_Data for the task:_
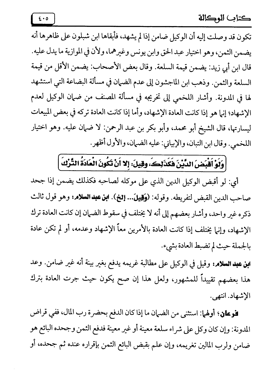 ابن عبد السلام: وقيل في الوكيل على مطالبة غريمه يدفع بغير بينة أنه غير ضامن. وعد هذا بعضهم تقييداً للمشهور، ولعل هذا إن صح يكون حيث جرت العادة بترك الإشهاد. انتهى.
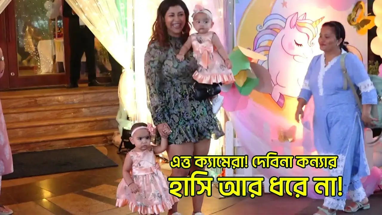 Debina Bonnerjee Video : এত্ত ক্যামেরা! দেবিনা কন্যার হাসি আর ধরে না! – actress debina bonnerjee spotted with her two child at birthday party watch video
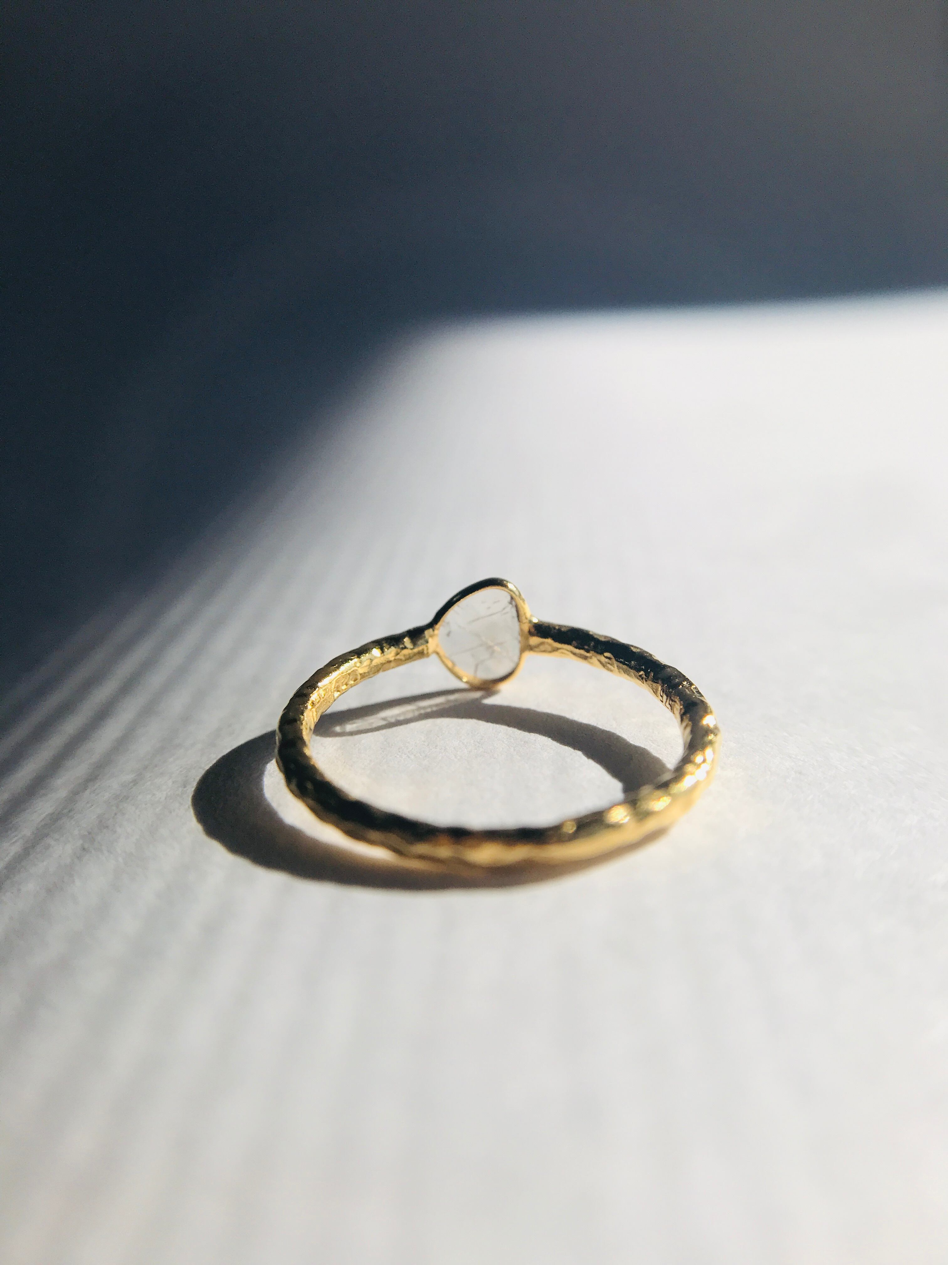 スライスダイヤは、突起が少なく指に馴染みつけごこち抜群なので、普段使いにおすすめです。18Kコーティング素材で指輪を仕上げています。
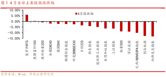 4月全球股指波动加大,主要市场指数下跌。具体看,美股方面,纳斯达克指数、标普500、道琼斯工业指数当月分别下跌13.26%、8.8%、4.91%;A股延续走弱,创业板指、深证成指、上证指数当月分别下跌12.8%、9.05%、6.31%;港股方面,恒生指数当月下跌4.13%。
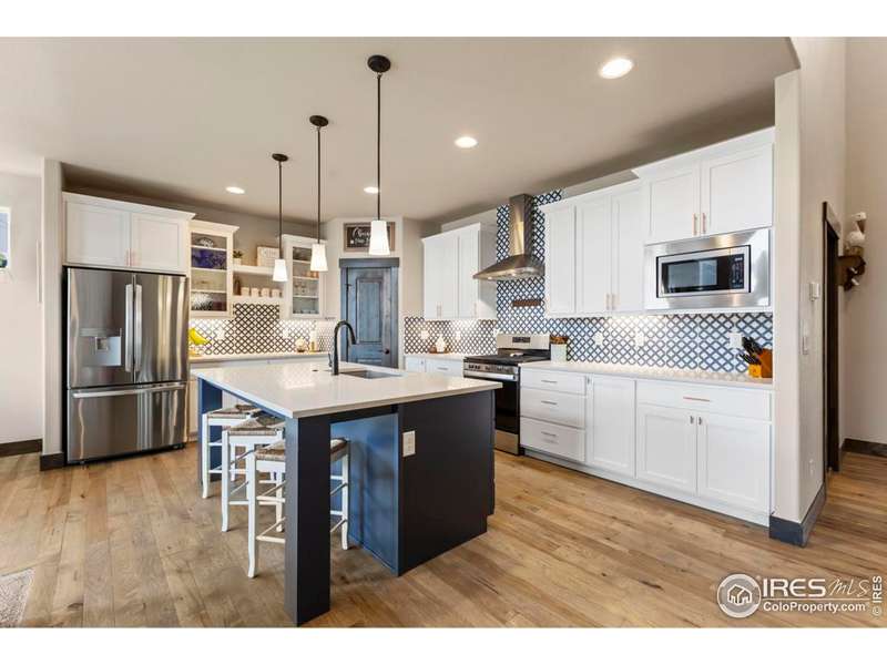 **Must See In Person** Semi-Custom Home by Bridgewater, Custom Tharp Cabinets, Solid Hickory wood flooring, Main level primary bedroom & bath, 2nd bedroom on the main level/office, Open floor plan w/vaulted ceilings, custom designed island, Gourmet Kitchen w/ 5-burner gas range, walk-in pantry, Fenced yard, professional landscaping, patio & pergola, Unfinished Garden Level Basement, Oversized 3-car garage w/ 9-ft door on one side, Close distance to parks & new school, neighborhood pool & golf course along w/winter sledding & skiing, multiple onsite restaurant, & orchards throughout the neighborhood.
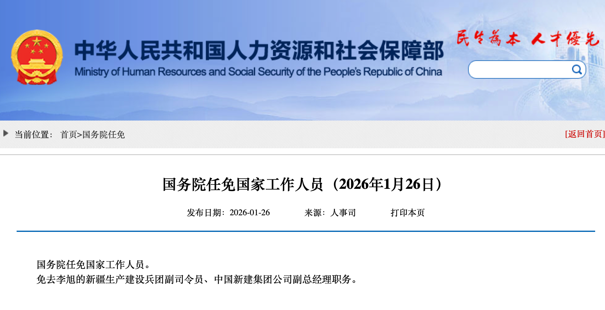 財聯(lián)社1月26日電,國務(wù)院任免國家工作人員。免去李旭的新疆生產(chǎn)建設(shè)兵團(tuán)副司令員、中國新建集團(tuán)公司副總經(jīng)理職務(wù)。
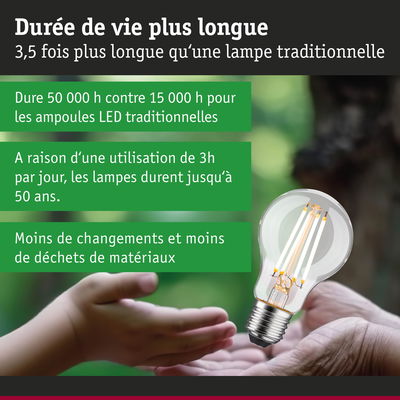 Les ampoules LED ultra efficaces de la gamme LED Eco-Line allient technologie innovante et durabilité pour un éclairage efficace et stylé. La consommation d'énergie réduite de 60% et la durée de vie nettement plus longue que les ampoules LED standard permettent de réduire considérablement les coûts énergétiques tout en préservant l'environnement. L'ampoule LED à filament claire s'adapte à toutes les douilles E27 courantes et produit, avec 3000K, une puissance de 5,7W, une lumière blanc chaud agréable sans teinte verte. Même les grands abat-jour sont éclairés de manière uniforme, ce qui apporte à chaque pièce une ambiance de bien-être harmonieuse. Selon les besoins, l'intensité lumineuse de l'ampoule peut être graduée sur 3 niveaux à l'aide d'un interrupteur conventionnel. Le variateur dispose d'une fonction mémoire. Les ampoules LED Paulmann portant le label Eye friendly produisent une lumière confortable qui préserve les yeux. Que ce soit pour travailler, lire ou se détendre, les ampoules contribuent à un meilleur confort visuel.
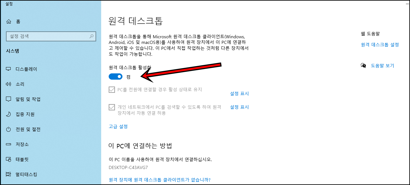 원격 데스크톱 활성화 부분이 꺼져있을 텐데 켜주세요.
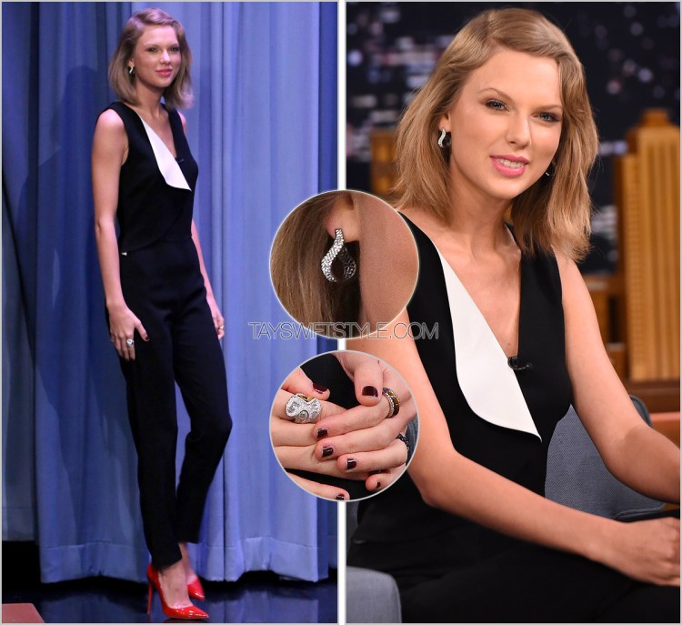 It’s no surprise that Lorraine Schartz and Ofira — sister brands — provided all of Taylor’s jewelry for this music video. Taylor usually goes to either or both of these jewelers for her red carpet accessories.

_Assignment:_ Your answer should hold only the lines from the one with "スライスダイヤは、突起が少な" through the final line of the listing above, transcribed exactly and without pictures.

_Worked solution:_
 スライスダイヤは、突起が少なく指に馴染みつけごこち抜群なので、普段使いにおすすめです。18Kコーティング素材で指輪を仕上げています。
 4月全球股指波动加大,主要市场指数下跌。具体看,美股方面,纳斯达克指数、标普500、道琼斯工业指数当月分别下跌13.26%、8.8%、4.91%;A股延续走弱,创业板指、深证成指、上证指数当月分别下跌12.8%、9.05%、6.31%;港股方面,恒生指数当月下跌4.13%。
 **Must See In Person** Semi-Custom Home by Bridgewater, Custom Tharp Cabinets, Solid Hickory wood flooring, Main level primary bedroom & bath, 2nd bedroom on the main level/office, Open floor plan w/vaulted ceilings, custom designed island, Gourmet Kitchen w/ 5-burner gas range, walk-in pantry, Fenced yard, professional landscaping, patio & pergola, Unfinished Garden Level Basement, Oversized 3-car garage w/ 9-ft door on one side, Close distance to parks & new school, neighborhood pool & golf course along w/winter sledding & skiing, multiple onsite restaurant, & orchards throughout the neighborhood.
 財聯(lián)社1月26日電,國務(wù)院任免國家工作人員。免去李旭的新疆生產(chǎn)建設(shè)兵團(tuán)副司令員、中國新建集團(tuán)公司副總經(jīng)理職務(wù)。
 Les ampoules LED ultra efficaces de la gamme LED Eco-Line allient technologie innovante et durabilité pour un éclairage efficace et stylé. La consommation d'énergie réduite de 60% et la durée de vie nettement plus longue que les ampoules LED standard permettent de réduire considérablement les coûts énergétiques tout en préservant l'environnement. L'ampoule LED à filament claire s'adapte à toutes les douilles E27 courantes et produit, avec 3000K, une puissance de 5,7W, une lumière blanc chaud agréable sans teinte verte. Même les grands abat-jour sont éclairés de manière uniforme, ce qui apporte à chaque pièce une ambiance de bien-être harmonieuse. Selon les besoins, l'intensité lumineuse de l'ampoule peut être graduée sur 3 niveaux à l'aide d'un interrupteur conventionnel. Le variateur dispose d'une fonction mémoire. Les ampoules LED Paulmann portant le label Eye friendly produisent une lumière confortable qui préserve les yeux. Que ce soit pour travailler, lire ou se détendre, les ampoules contribuent à un meilleur confort visuel.
 원격 데스크톱 활성화 부분이 꺼져있을 텐데 켜주세요.
 It’s no surprise that Lorraine Schartz and Ofira — sister brands — provided all of Taylor’s jewelry for this music video. Taylor usually goes to either or both of these jewelers for her red carpet accessories.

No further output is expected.